Ezard's always had an affinity with pork, and the nam prik ong at Gingerboy, a Thai stir-fry of minced pork, holds its own: a layered hit of dried chilli, galangal, garlic and myriad other ingredients that produce a dark, aromatic dish cooked with tomatoes and garnished with toasted white sesame seeds. The dish is served on lettuce and herbs.
And for those who venture into Gingerboy early with young children - the informality of the place encourages the notion - crunchy fried salt-and-pepper chicken spare ribs, served with a pot of green chilli soy sauce, are outrageously moreish, a sophisticated mini KFC with a Sichuan pepper hit you shouldn't miss with a cold Thai beer.
I expect the menu will change frequently, but what you'll always get is Ezard's unerring sense of what sort of Asian dishes work well in this kind of modern environment.
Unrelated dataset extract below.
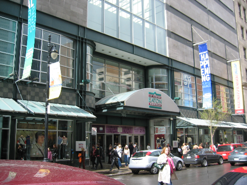 The entrance to the Centre Eaton on Sainte Catherine Street, Montreal, Quebec

Anyone who has been through his second book, Lotus: Asian Flavours (Hardie Grant), which is based on his experiences in Hong Kong, China and Thailand, will know what sort of things might rotate on the Gingerboy carte.
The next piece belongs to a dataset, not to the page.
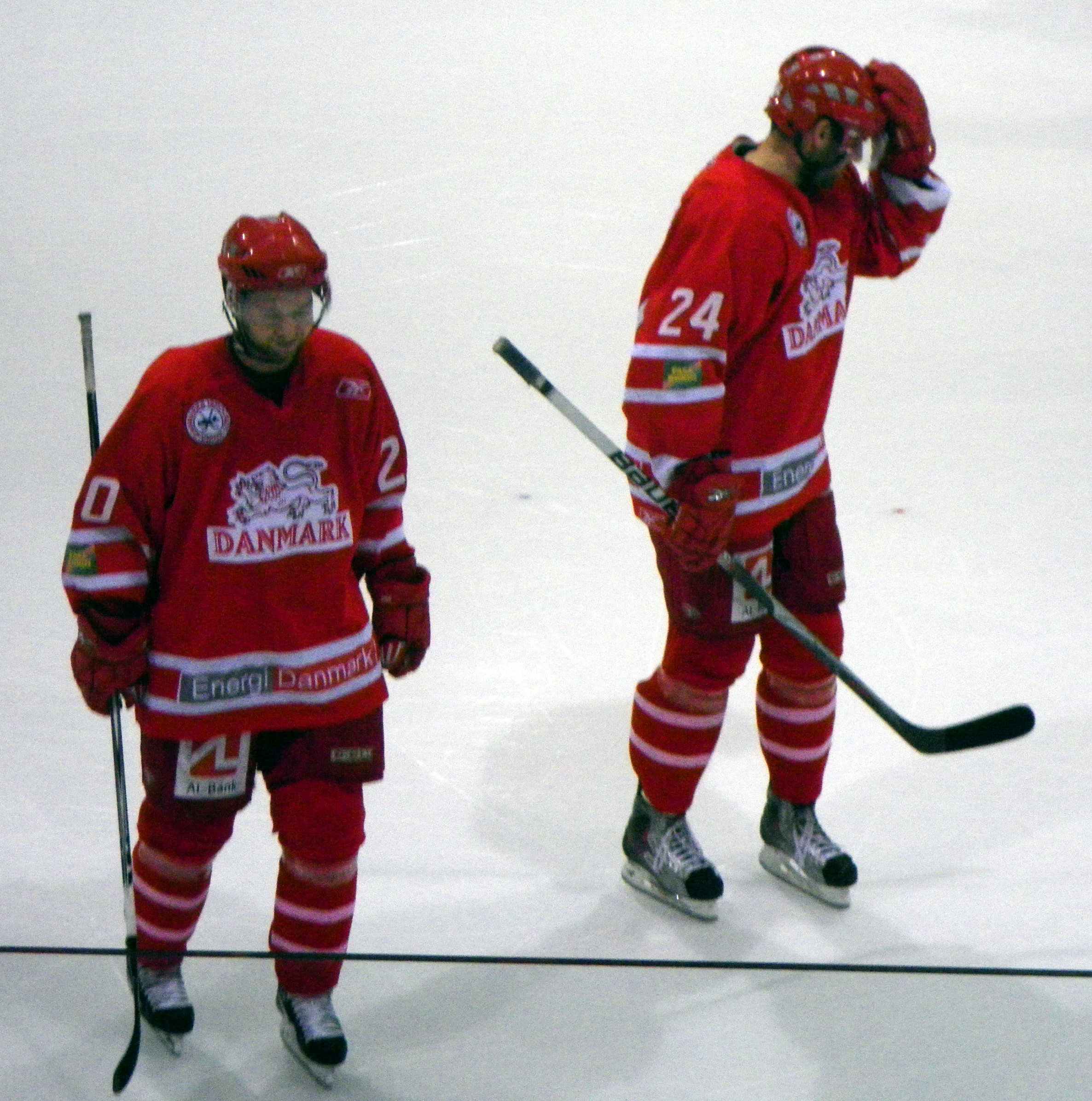 Kim Lykkeskov, Alexander Sundberg, danish ice hockey players with team Denmark. Friendly against team France

Move up to 'larger courses' and the same cautious approach to flavour applies. The emphasis is on subtlety and balance.
A mussaman curry of duck legs is fragrant with cinnamon, coriander and dried chilli: the brown gravy is thickened with some starch from kipfler potatoes and whole shallots, the legs of duck garnished with fresh mint.
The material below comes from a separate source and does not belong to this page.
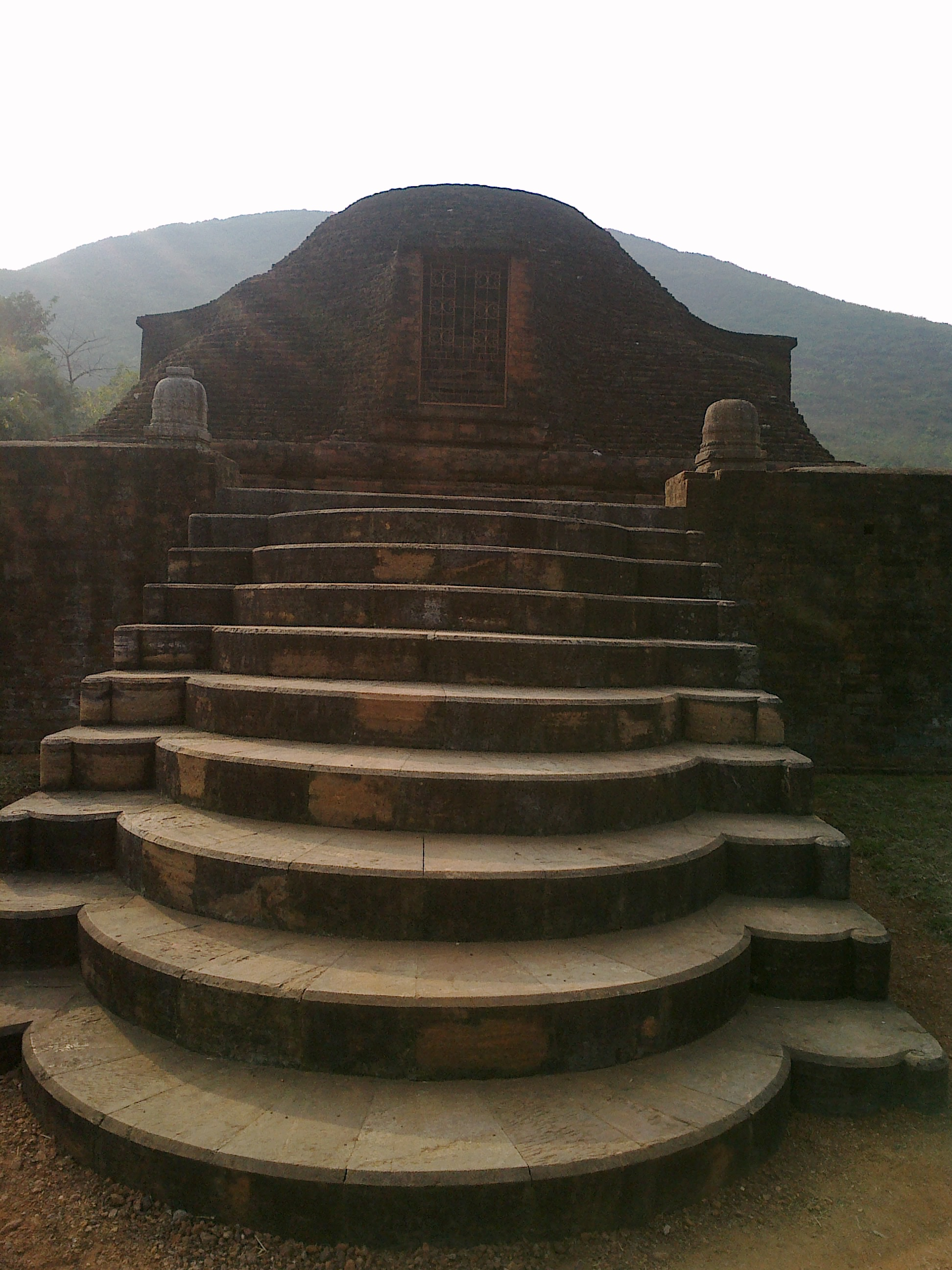 Udayagiri Buddhist Complex, Jajpur, Odisha

The whole fried snapper sits erect on the plate, draped with a dressing of roasted chilli and lime, accessorised at the end with warm coconut cream. The finishing touch is a little salad of onion and young coconut flesh with herbs including kaffir lime. It's one of those dishes that needs to be consumed the moment it arrives.
Elsewhere is a steamed sea bass dish that speaks with a Japanese accent - the dressing is based on mirin, ginger and soy - and another excellent pork offering: steamed and then coconut-grilled Kurobuta pork belly with a chilli/lime/peanut dressing and a topping of green mango salad. Very Thai in its inspiration.
And yes, the stir-fried stingray - a fish Ezard has been cooking at his premium restaurant for the past two years - may offer Irwin fans some kind of perverse revenge, but it marries very well with the spices and herbs of a green curry paste and a softening finishing drizzle of coconut cream.
I'm less convinced about the overall success of the desserts, modern creations with Asian twists. And at $14.50, they're not cheap for what they are. A disc of firm coconut rice pudding, for example, is given a caramelised palm sugar finish and topped with pieces of mango rolled in a chilli sugar. I can take it or leave it. A dessert platter of five small versions of à la carte choices had me upping the thumbs to a tapioca brûlée pudding with an orb of mint sorbet, but less certain about the Chinese doughnut filled with raspberry chilli jam or the green steamed pandan dumpling - looking a bit like a steamed pork bun at yum cha - with a palm sugar and mandarin-peel gula Melaka (Malacca sugar) sauce.
I suspect desserts will receive less patronage here than at a more Western restaurant anyhow. Gingerboy is less the long lingering dinner than it is a quick, social lunch or pre-theatre bottle of wine and shared dishes with friends. In other words, it fits the modern Australian city-based lifestyle very well.
And crikey, that can't be a bad thing, can it?